Гвен, чувствуя, что у нее кончаются силы, отвела клерка в сторону. Молодой человек перечислил некоторые не самые веселые факты. Похоже, что после смерти жены Шоукросс решился составить завещание: его наследницей была Констанца. Тем не менее Шоукросс практически ничего не оставил дочери. Его банковский счет был исчерпан; хозяин квартиры и портной настоятельно требовали уплаты долгов. Все, что Констанца может унаследовать, откровенно заметил молодой человек, это книги отца, его личные вещи и кучу долгов. Возникли и другие проблемы. Конечно, конторой проведены тщательные розыски: выяснилось, что у Шоукросса нет ближайших родственников.
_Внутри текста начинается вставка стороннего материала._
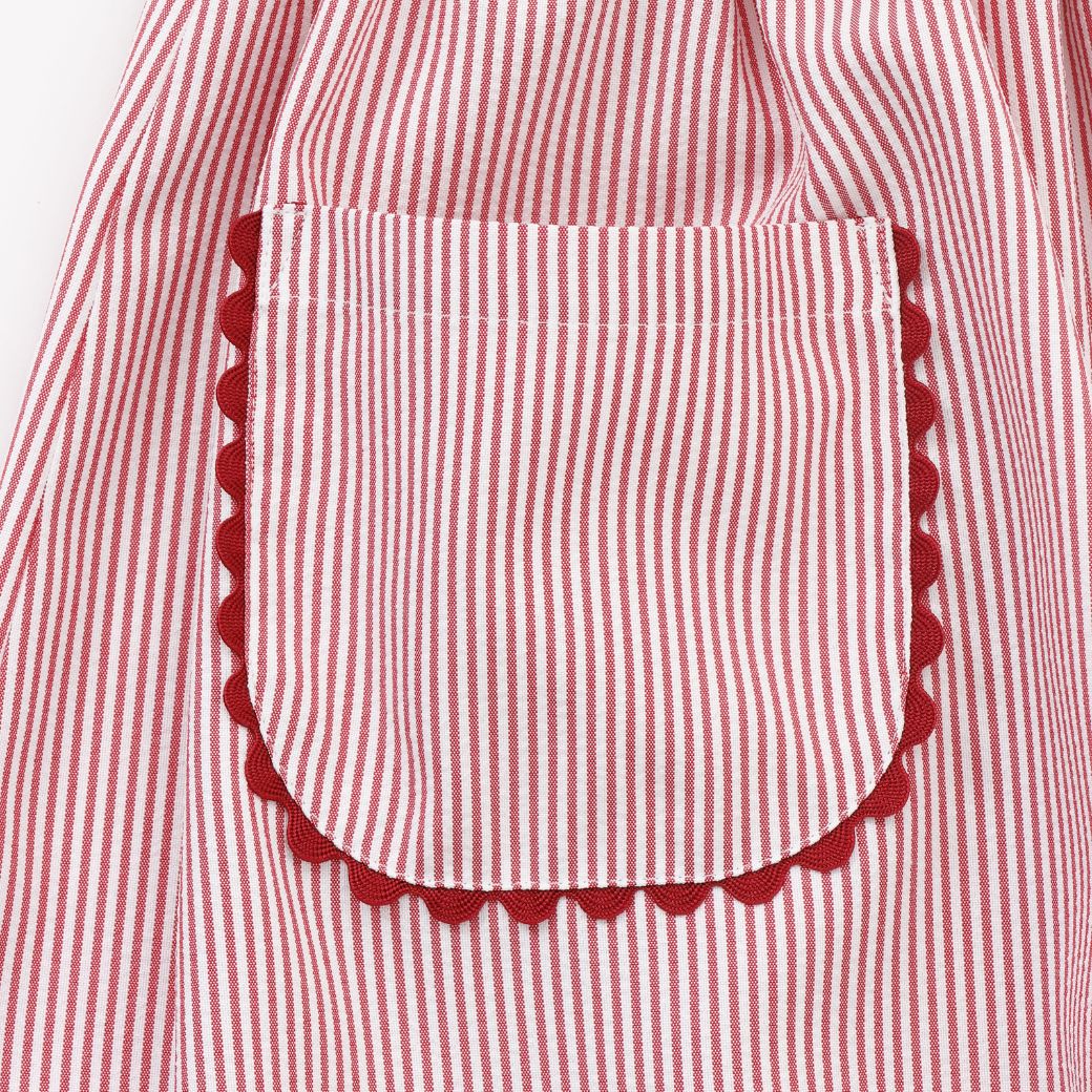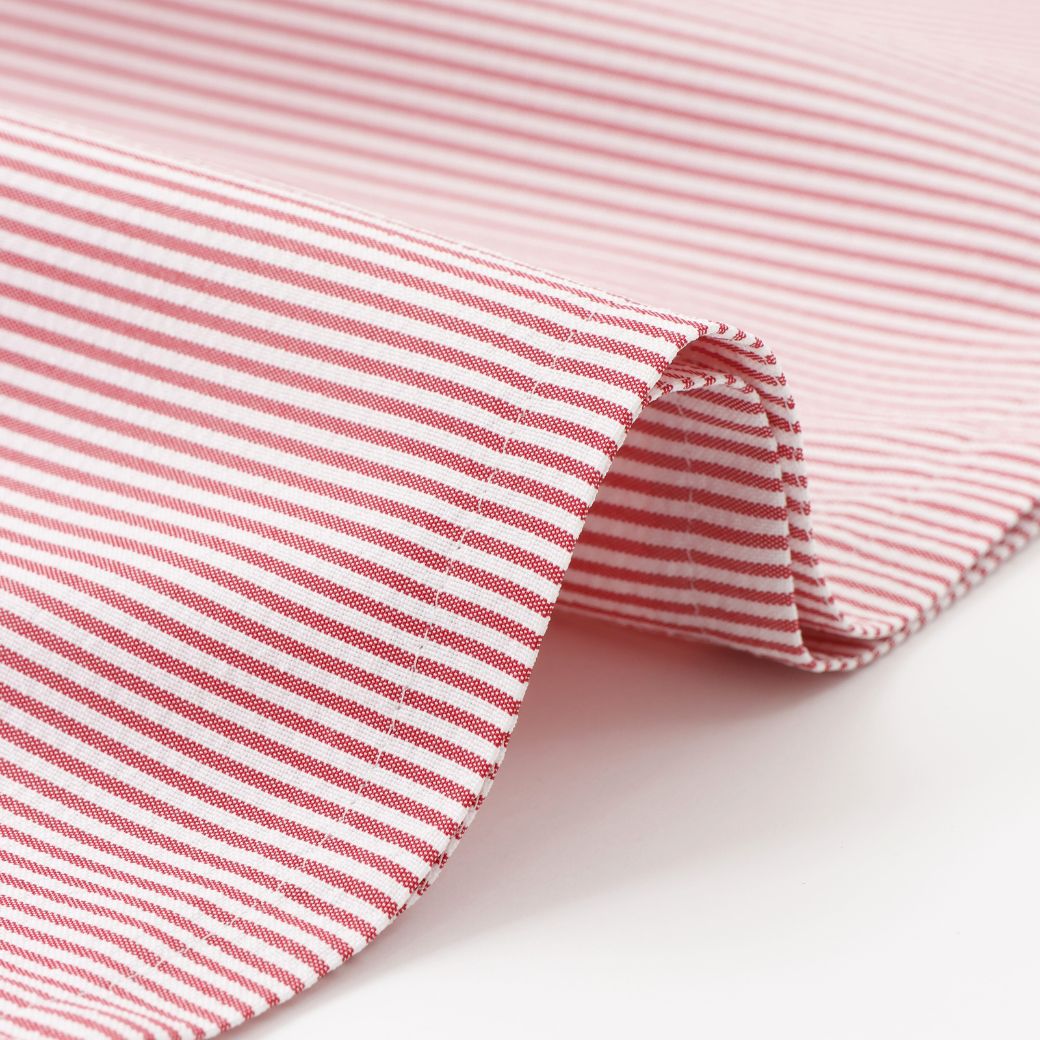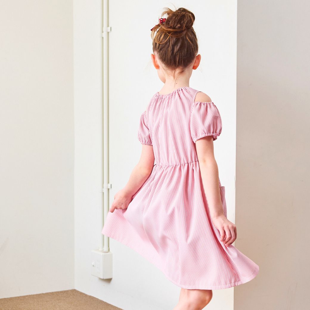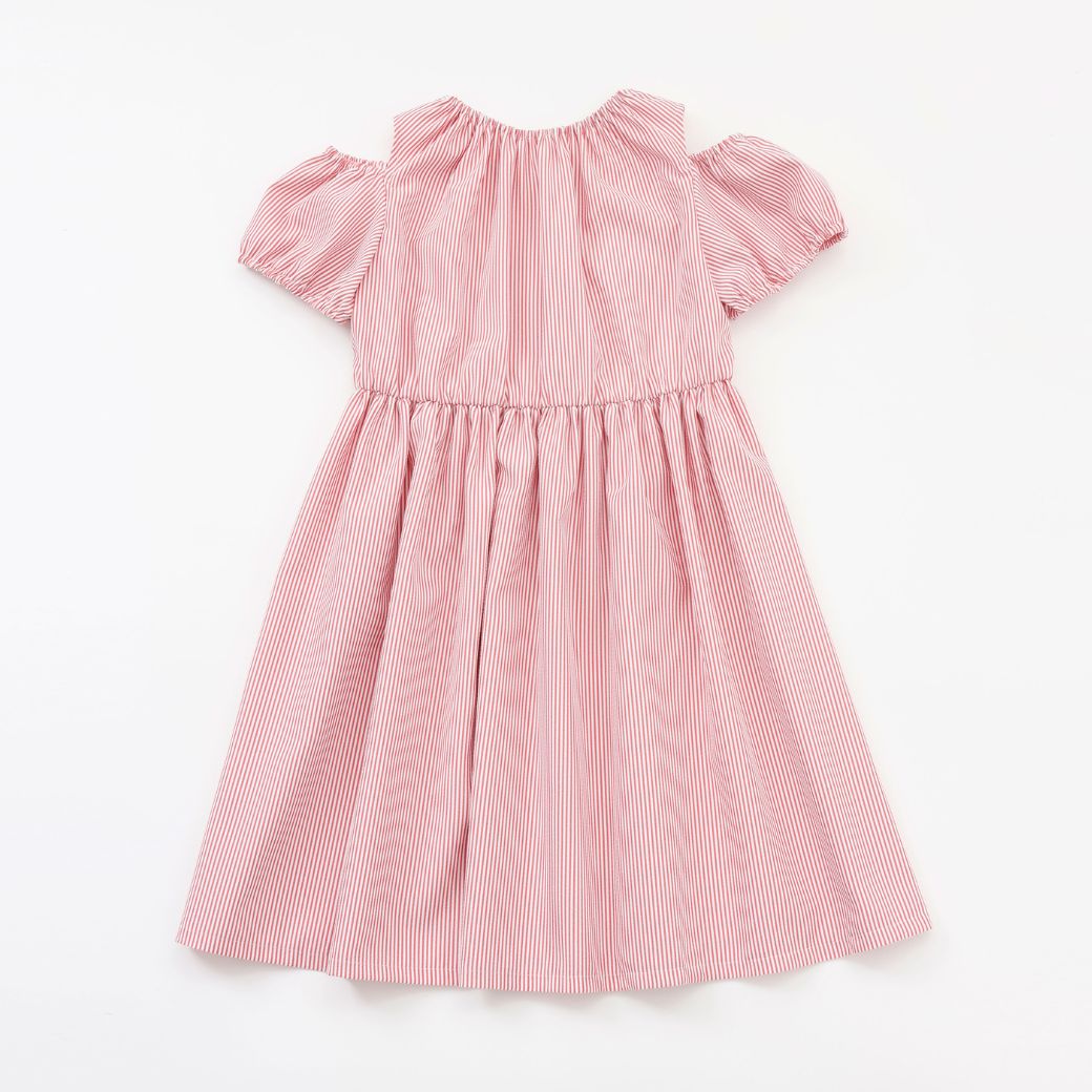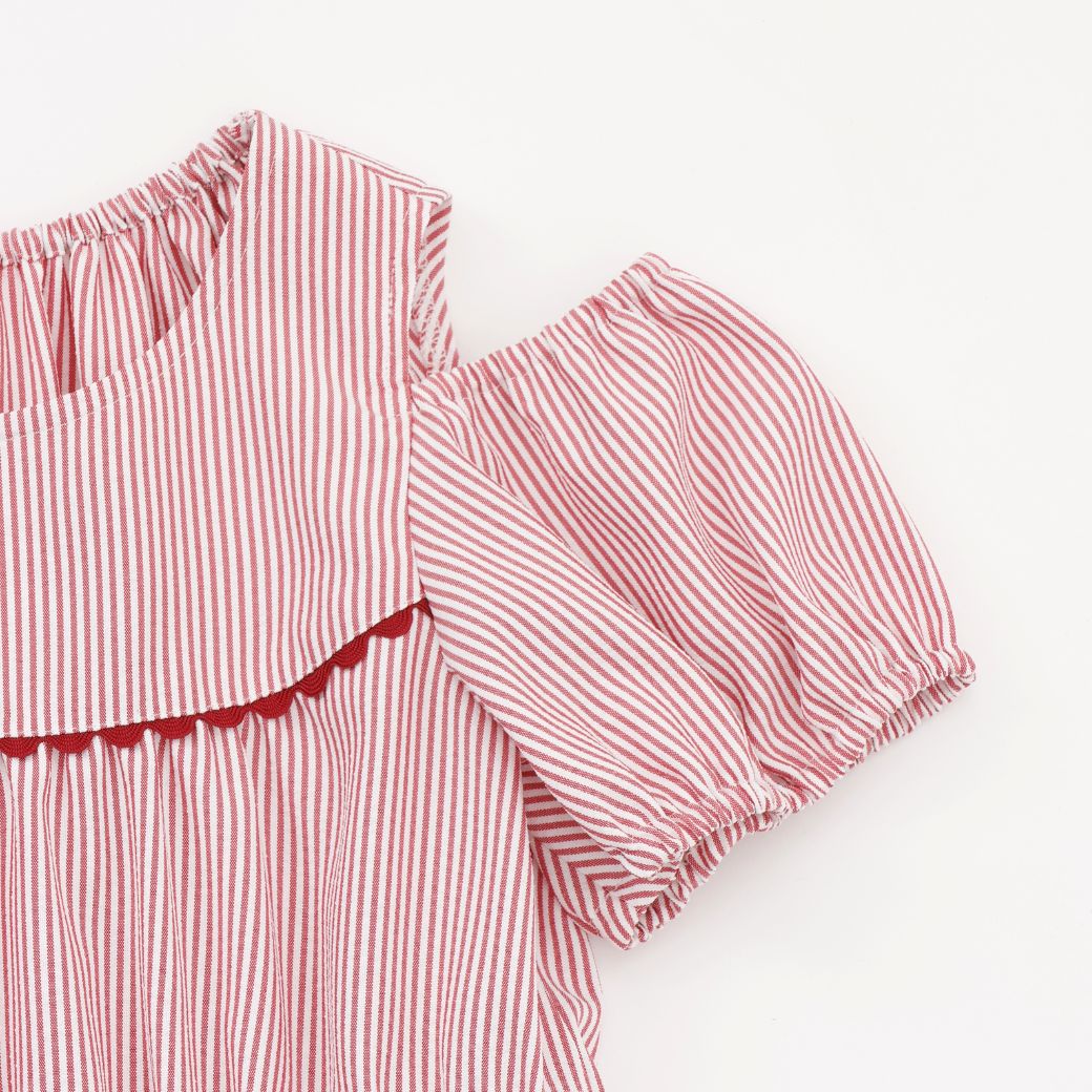 夏らしいインパクトのあるアカとブルーのストライプ生地で、肩出しデザインを取り入れた涼やかな一着。
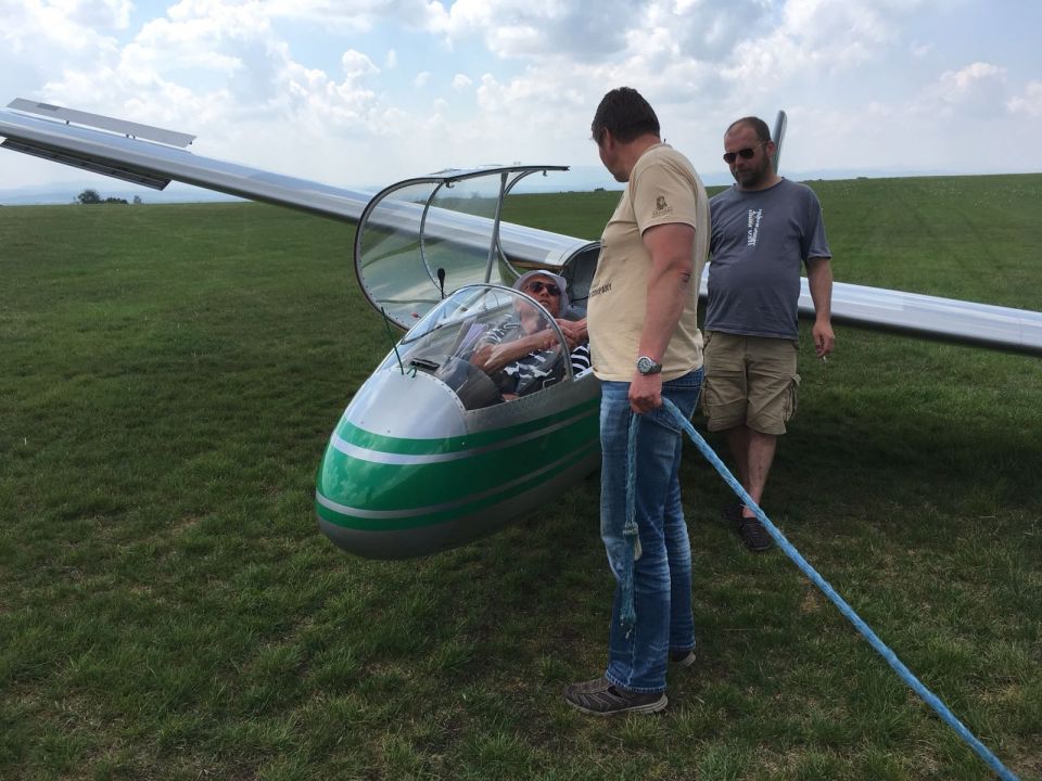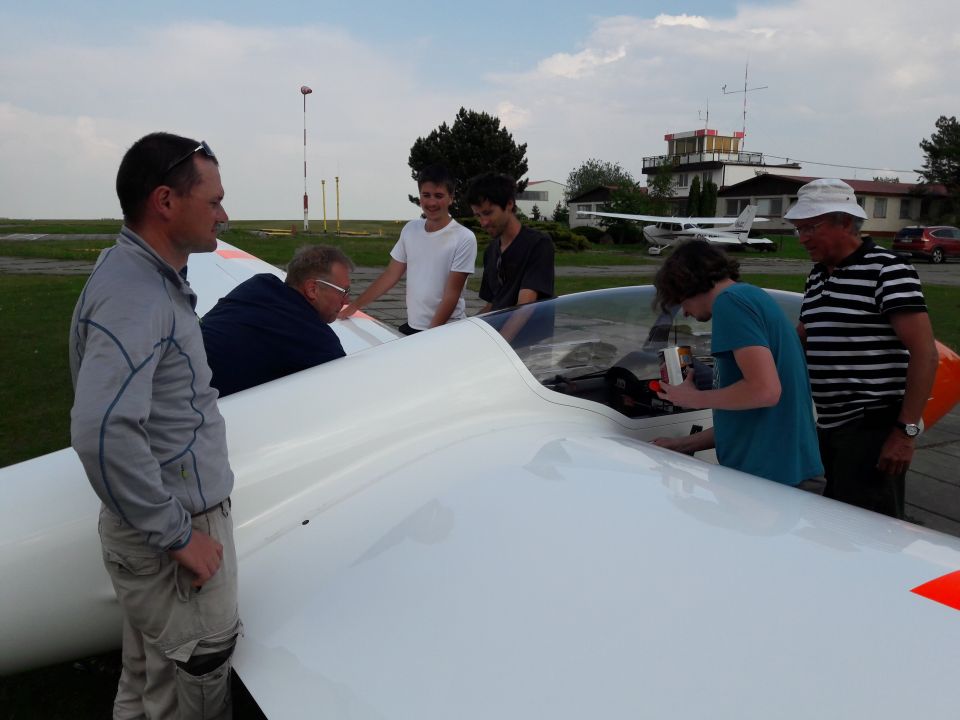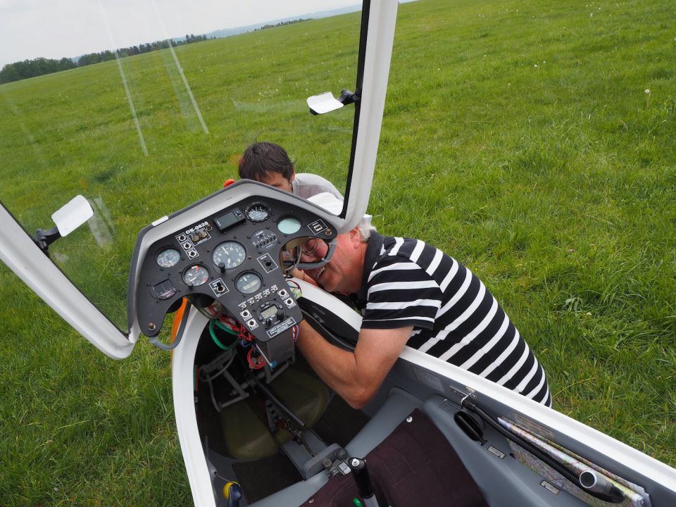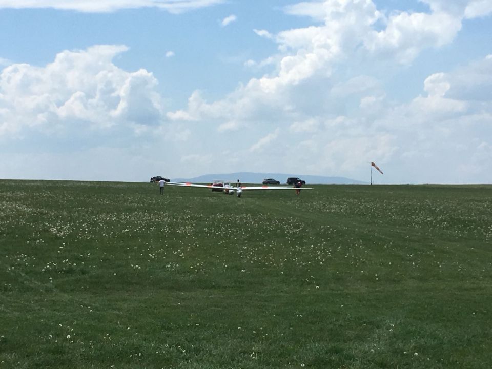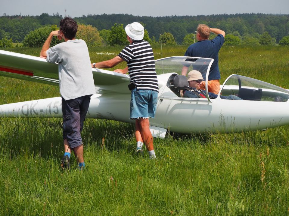 Ve středu se podmínky pro plachtění poněkud zhoršily, v krátkém intervalu mezi třetí a pátou se povedlo udělat 14 vleků, zůstalo ale jen u místního kroužení (a sedání a dalšího kroužení). Čtvrtek pak by se šesti starty jednoznačně nejméně úspěšných dnem celého soustředění. Takže jsme ani moc nezáviděli plachtařským kolegům z Innsbrucku, kteří se na dlouhý víkend vypravili do Hosína na minisoustředění – asi nám přivezli z Alp nějaké horší počasí.
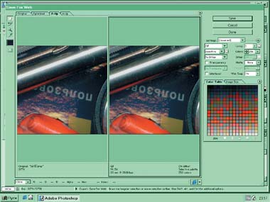Повод критиковать WebGraphics Optimizer и его создателей за небрежное отношение к делу дала мне право обработка нескольких изображений формата GIF. Бесспорно, управление сжатием реализовано очень удобно. Но вот размер получаемых файлов великоват. Легко сжимаемые изображения — графики, таблицы и схемы — были оптимизированы неплохо. Камнем преткновения стали фотографии. Качество преобразования в индексированную палитру просто отвратительное, а при попытке сгладить образовавшиеся грубейшие цветовые переходы различными методами размер файла становится неприемлемым. Здесь WebGraphics Optimizer показал наихудший результат среди всех тестируемых в этом обзоре оптимизаторов. В то же время с цветовой палитрой программа обращается очень корректно, а множество методов сглаживания позволяют перевести многоцветный рисунок в 8-битовую палитру достаточно качественно, но вот размер... Можно предположить, что основной упор сделан разработчиками именно на качество получаемых изображений, а не на компактность выходных файлов.
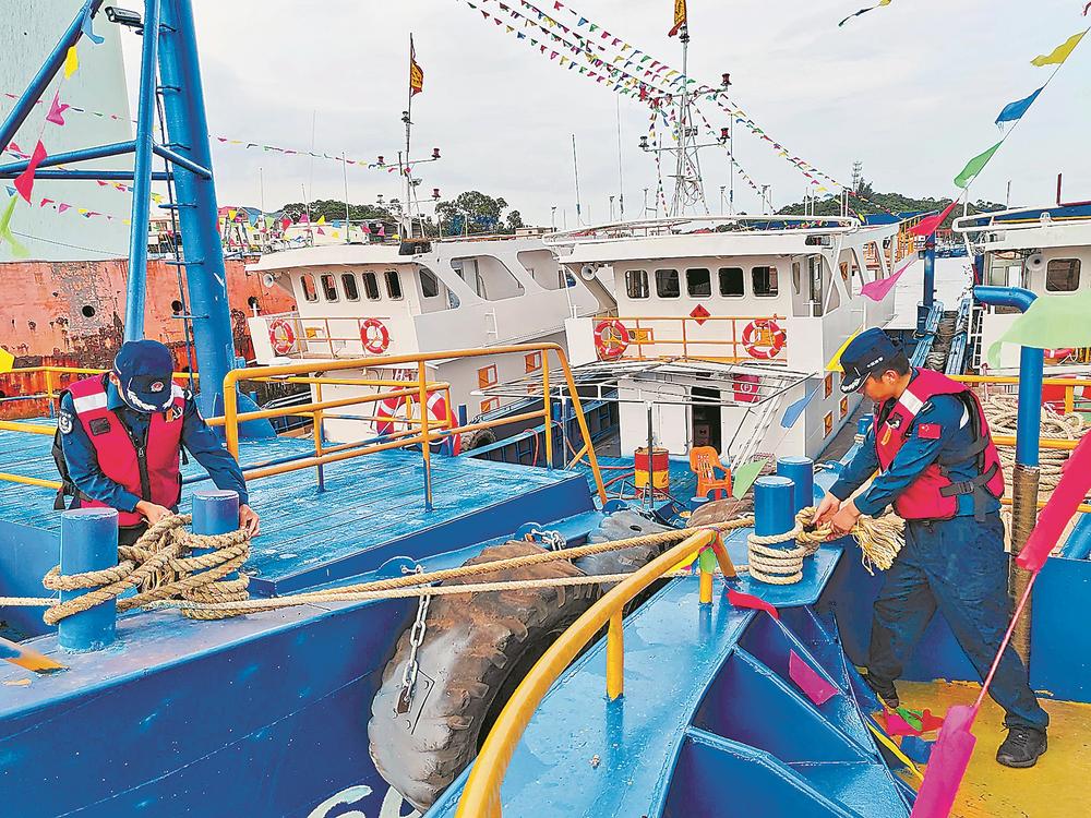 24日,漳州海警局成立多個(gè)防臺(tái)風(fēng)小分隊(duì),分赴漳州沿海各區(qū)、縣的重點(diǎn)漁村碼頭、漁船漁排及港灣海域,幫助靠港漁船固定錨鏈、加固纜繩、檢查船上安全設(shè)備。蔣禮釧 黃祥瑞 攝
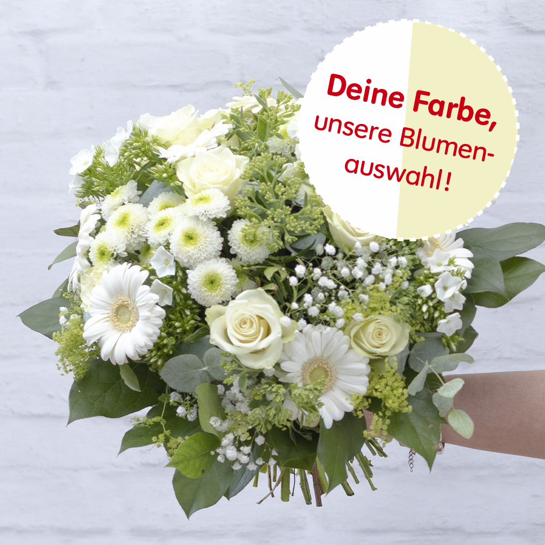 Mit unseren 'Hauptsache'-Sträußen werden nicht nur Deine Liebsten, sondern auch Du überrascht. Durch Deine Auswahl gibst Du die Farbe vor, den Rest übernehmen wir:

Родители его скончались, братьев и сестер у него не было; единственными оставшимися в живых родственниками оказались сестра его матери и ее муж, которые держали небольшое дело в Солихалли.
– В Солихалли? – Гвен практически не представляла себе, где это, но в любом случае название ей не понравилось.
С этими родственниками удалось установить связь, продолжил худой молодой человек, поправляя перекосившийся пожелтевший воротничок. Они выразили свое сожаление и попросили передать сочувствие ребенку, тем не менее они не могут взять на себя ответственность за ребенка, которого к тому же никогда не видели.
Гвен оскорбилась. Ее возмутил и сам молодой человек, на воротничке рубашки которого ясно виднелась торговая марка и у которого прыгало адамово яблоко, когда он говорил. Ей не понравилось, как он обращался к ней, словно катая на губах ее титул. Ей решительно не понравилось, как он обшаривал глазами ее библиотеку и подбор книг. Гвен умела изображать надменность: она пренебрежительно смерила взглядом молодого человека. Она дала понять, что не хочет и слышать о жестокосердных родственниках и не самых лучших условиях их существования; она обошла молчанием вопрос об их ерундовых затратах, которые, в чем она не сомневалась, были бы компенсированы. И в завершение она вообще отказалась обсуждать вопрос о Констанце.